A 2-0 victory over German football’s miracle club makes it four wins from four for Enzo Maresca’s side, who are now close to confirming the top-eight finish that has been a certainty since the competition proper began.
This, though, was easily their sternest test, against a side who were in the fifth tier when Schmidt took charge in 2007, but finished eighth in their first ever Bundesliga season last term.
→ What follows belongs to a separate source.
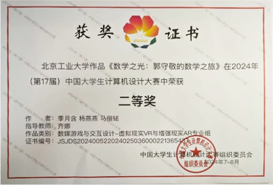 在第十二届全国老员工数字媒体科技作品及创意竞赛中获得全国总决赛一等奖1项、优秀指导教师奖2项、国家三等奖5项

If not for a fine Filip Jorgensen performance in the visiting goal, it might well have been their first slip up, too, the points only made safe by Mykhailo Mudryk’s late clincher.
And so, by proxy, the opener was the most valuable of Nkunku’s five goals in four group stage games so far, underlining his value as a lethal reserve forward the day after his manager, Enzo Maresca, had insisted he will not be for sale when the transfer window opens in January.
Christopher Nkunku has been able to force his way into the Premier League side
Chelsea FC via Getty Images
There had been reports during the international break that the 27-year-old is unsettled, and unsurprisingly if so, given he has not started a Premier League game since the opening day of the season.
Whether this performance was enough to change that ahead of Sunday’s meeting with Aston Villa seems unlikely, given both the players ahead of him and the fact that Nkunku limped off after fluffing a glaring chance for a second 15 minutes from time.
But Maresca’s team selection at Leicester last weekend - when ‘B’ team regulars Joao Felix and Benoit Badiashile both started league matches for the first time this season - will have given the Italian’s second-string fresh hope that their midweek displays might yet bring reward.
This, even prior to the goal, was a good one from Nkunku, who played in what Maresca says is his best position, just off a main striker, linking, as well as finishing the play.
Marc Guiu, the teenage striker, had been primarily tasked with the latter duty, but showed both his promise and rawness in managing five shots without success inside the opening 20 minutes.
Nkunku has blown an opening of his own, lifting over the bar when trying a crafty chip. His second chance, though, was taken more clinically, after good work from Jadon Sancho, impressive on his return to the side.